If a product listing on a website is noted "PATENT" or "PATENTED", must the patent owner provide patent details such as a patent number when asked for from the general public?

  • 1
    Interesting question. Do you have any reason to believe they do? – DonQuiKong Jun 29 '17 at 6:51
  • Do you have an issue with providing the relevant patent numbers? – Eric Shain Jun 29 '17 at 11:38

One example that would lead me to believe 'no':

Consider a modern cellphone, which could easily comprise technology covered by 100s of patents. Would it be reasonable for Apple to maintain a list of all the (ever-changing) patents covering their product? Additionally, would they be responsible for listing the patents of the components provided by subcontractors, or the list of subcontractors providing components for their patented iPhone so one could contact them for such information individually? It would seem an onerous requirement, as this would require legal opinion from Apple (what is covered and what is not covered), which can be an expensive effort (e.g. in infringement contentions) and would further open up potential inequitable conduct issues (disclosing too much or not enough).
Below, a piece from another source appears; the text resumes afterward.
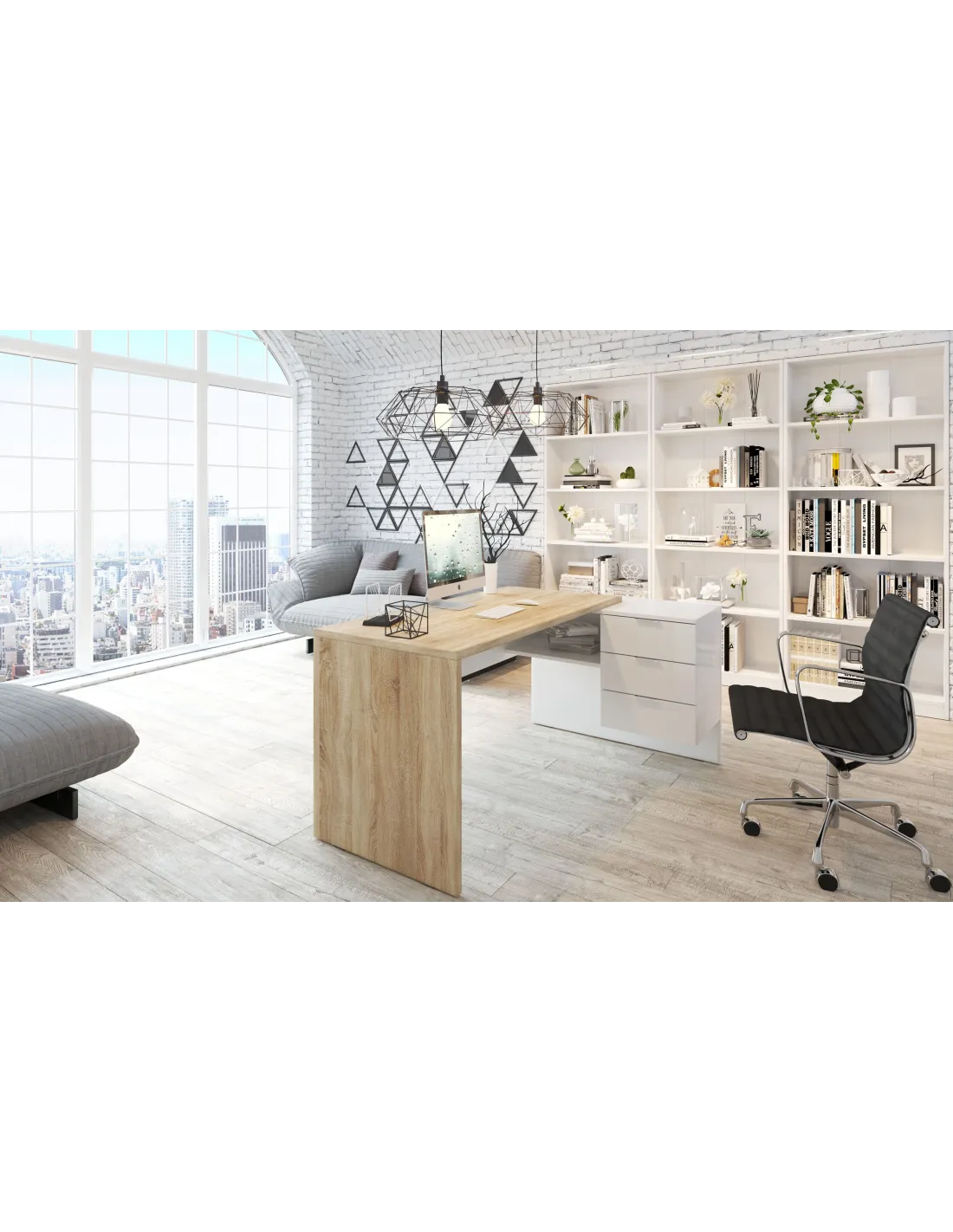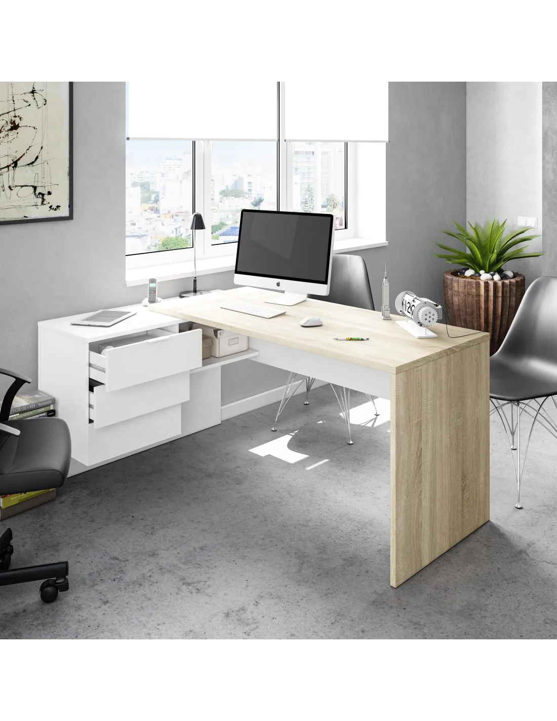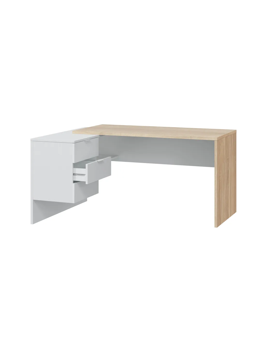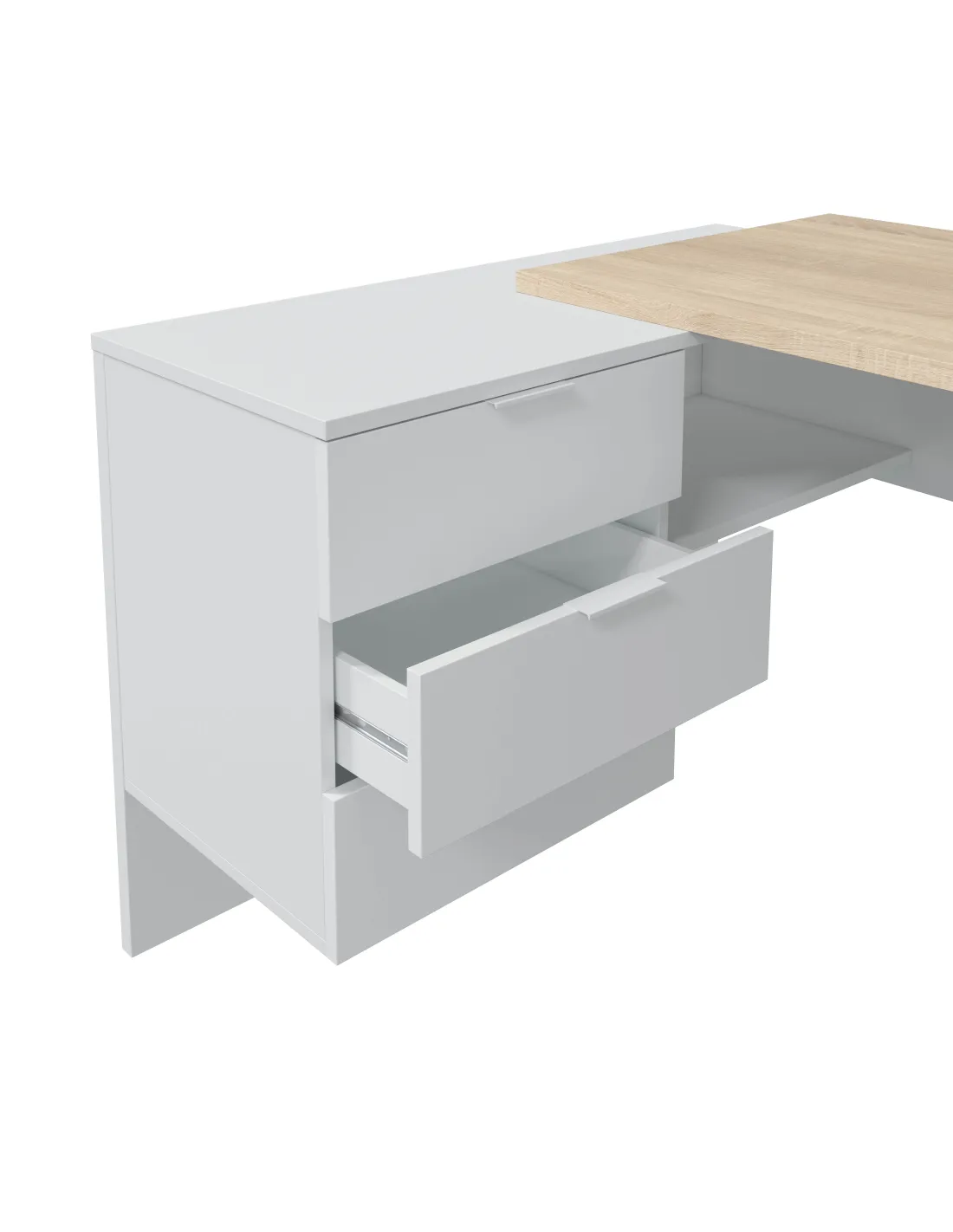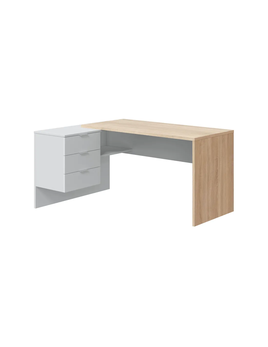 Mesa despacho STYLE con buc de 3 cajones y un hueco abierto, perfecta para organizar documentación y material de oficina.

Another example that would lead me to believe 'no':

If the ultimate intention in having patent disclosure from a company is to know what 'rights' you have when making/selling a product, what about non-practicing entities (NPEs)? Would NPEs be exempt from such a requirement to disclose related patents to potential products (which would be unfair relative to practicing entities), and if not how would one know which NPEs to contact?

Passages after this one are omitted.